▸ What needs to be done: Omit all pictures and transcribe only the lines in the entries below that run from the line with "реглан з метеликом." through the line with "An artistic depiction".

▸ Extracted data entries:
——

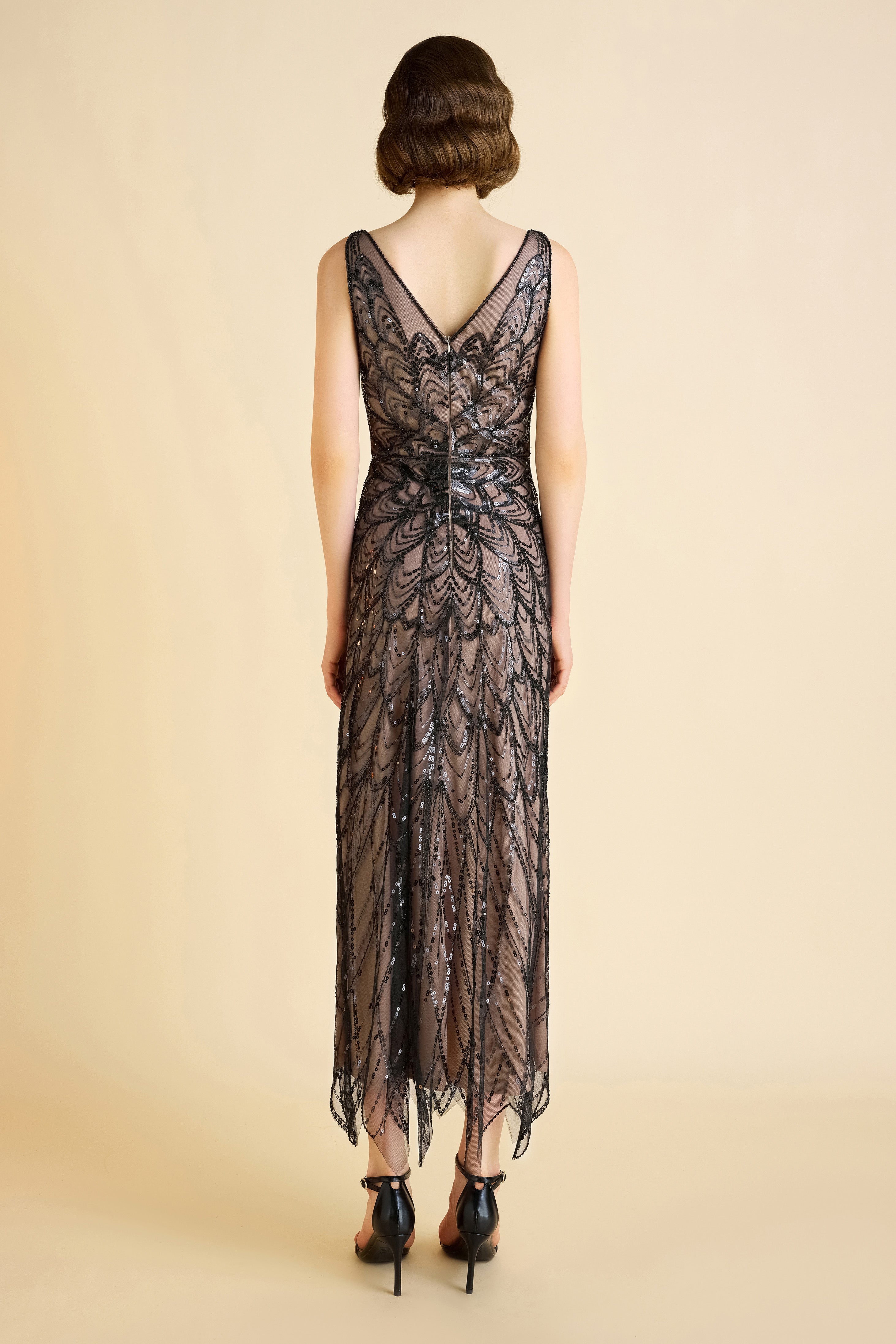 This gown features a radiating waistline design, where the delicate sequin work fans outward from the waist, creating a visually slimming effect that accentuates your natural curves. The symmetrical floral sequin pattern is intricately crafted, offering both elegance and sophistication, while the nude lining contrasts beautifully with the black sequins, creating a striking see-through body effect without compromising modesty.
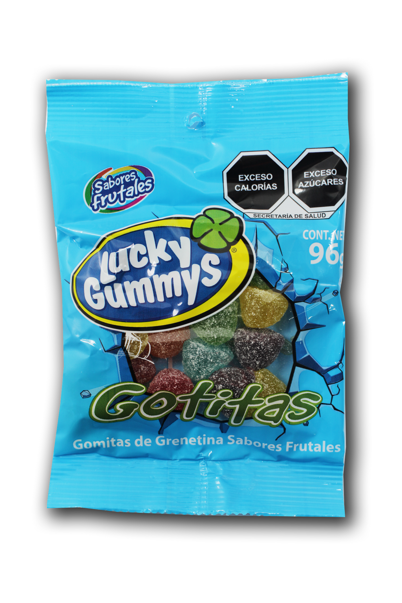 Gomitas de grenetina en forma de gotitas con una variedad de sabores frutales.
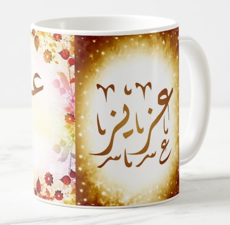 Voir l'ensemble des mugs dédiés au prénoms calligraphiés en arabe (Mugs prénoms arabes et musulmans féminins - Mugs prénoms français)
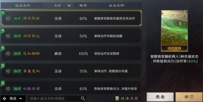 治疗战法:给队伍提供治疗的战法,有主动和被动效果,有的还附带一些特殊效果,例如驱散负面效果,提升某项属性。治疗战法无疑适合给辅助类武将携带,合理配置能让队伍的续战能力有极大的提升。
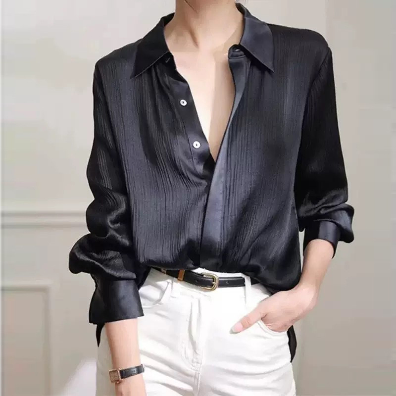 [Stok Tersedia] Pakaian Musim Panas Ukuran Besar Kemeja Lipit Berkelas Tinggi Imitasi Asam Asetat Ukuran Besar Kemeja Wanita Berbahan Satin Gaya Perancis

——

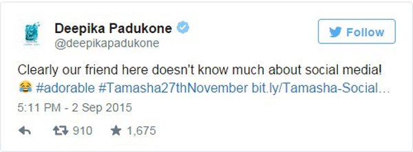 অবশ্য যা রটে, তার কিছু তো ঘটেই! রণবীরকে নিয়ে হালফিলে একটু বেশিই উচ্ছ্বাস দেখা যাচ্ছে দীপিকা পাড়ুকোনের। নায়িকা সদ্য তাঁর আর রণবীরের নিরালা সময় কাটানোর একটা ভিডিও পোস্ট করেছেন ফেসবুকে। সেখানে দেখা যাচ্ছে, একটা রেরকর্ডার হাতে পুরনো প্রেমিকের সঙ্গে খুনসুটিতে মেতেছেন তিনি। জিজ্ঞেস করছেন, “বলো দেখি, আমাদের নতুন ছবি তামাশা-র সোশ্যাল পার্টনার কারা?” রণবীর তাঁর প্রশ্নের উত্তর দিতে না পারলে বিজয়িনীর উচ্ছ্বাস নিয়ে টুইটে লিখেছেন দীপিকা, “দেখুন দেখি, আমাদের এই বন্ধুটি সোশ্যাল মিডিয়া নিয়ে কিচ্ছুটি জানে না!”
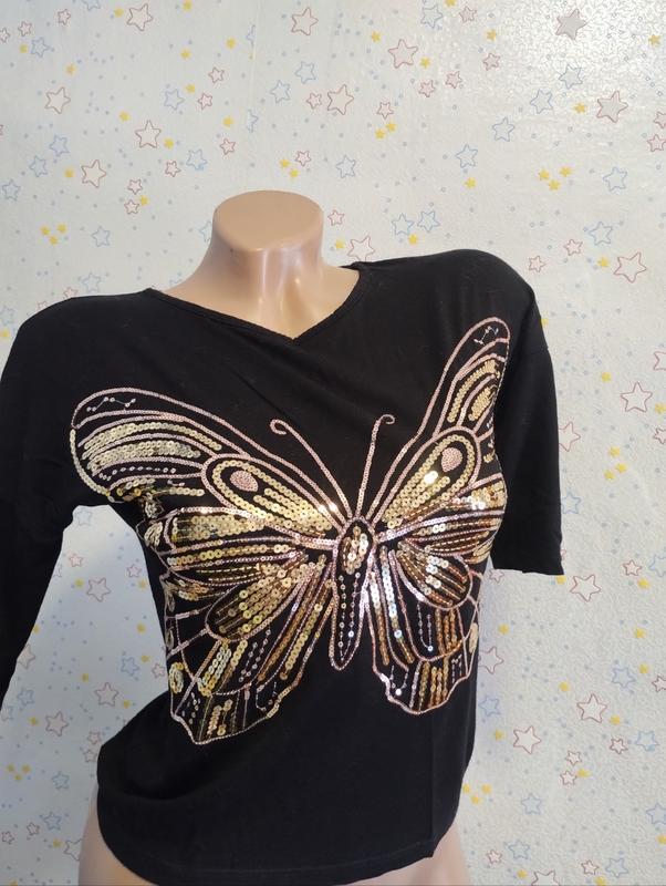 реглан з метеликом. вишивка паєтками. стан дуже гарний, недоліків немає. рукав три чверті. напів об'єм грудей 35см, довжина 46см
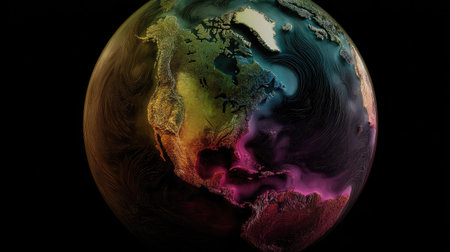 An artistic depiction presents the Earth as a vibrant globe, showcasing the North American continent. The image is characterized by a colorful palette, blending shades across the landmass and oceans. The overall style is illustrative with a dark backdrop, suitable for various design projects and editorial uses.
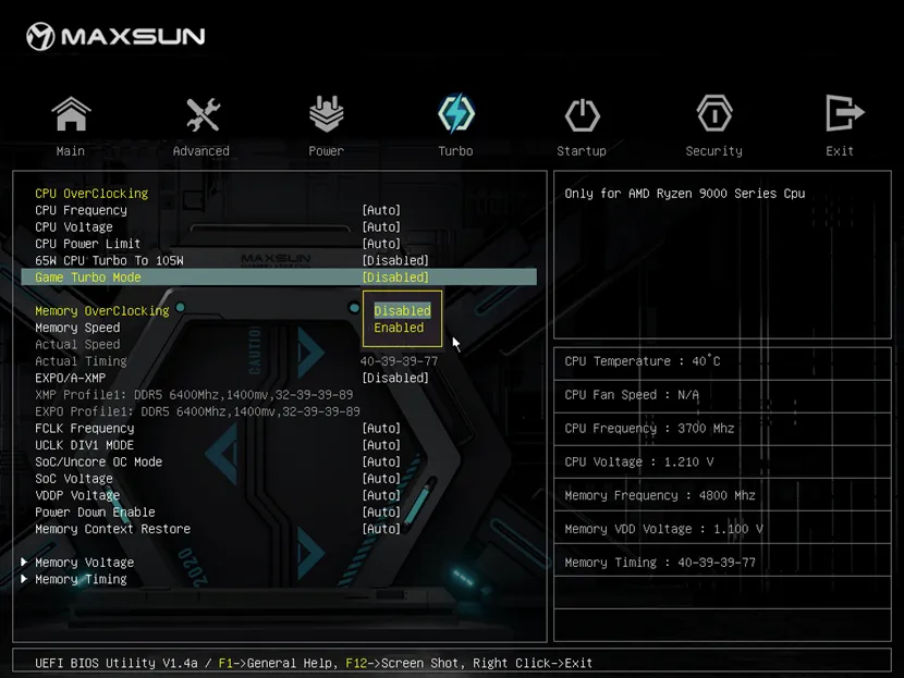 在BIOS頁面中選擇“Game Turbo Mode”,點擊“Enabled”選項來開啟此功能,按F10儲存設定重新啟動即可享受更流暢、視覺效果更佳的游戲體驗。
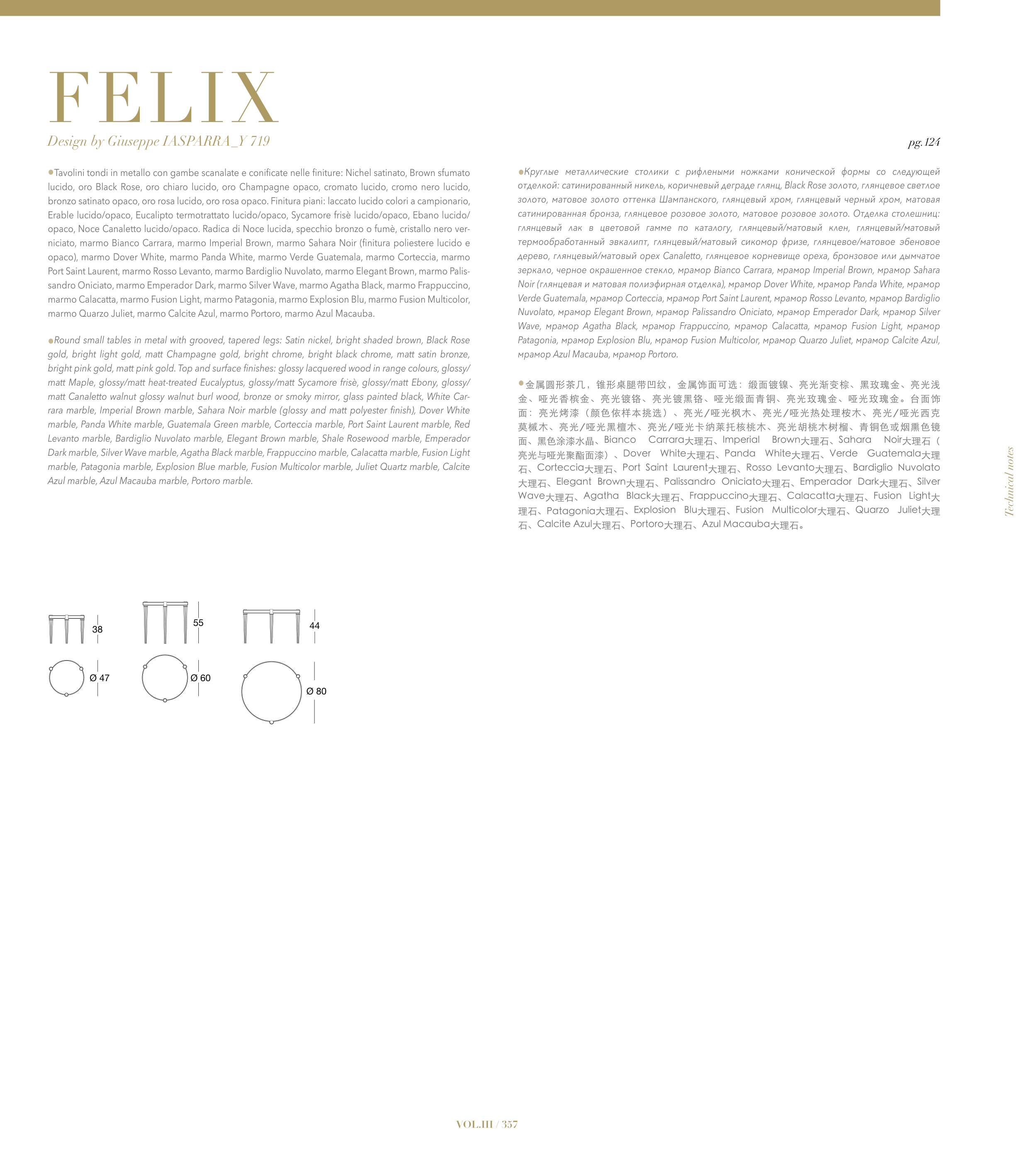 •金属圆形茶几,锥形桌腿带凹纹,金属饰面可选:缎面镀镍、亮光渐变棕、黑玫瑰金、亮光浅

——

▸ Finished exercise:
 реглан з метеликом. вишивка паєтками. стан дуже гарний, недоліків немає. рукав три чверті. напів об'єм грудей 35см, довжина 46см
 An artistic depiction presents the Earth as a vibrant globe, showcasing the North American continent. The image is characterized by a colorful palette, blending shades across the landmass and oceans. The overall style is illustrative with a dark backdrop, suitable for various design projects and editorial uses.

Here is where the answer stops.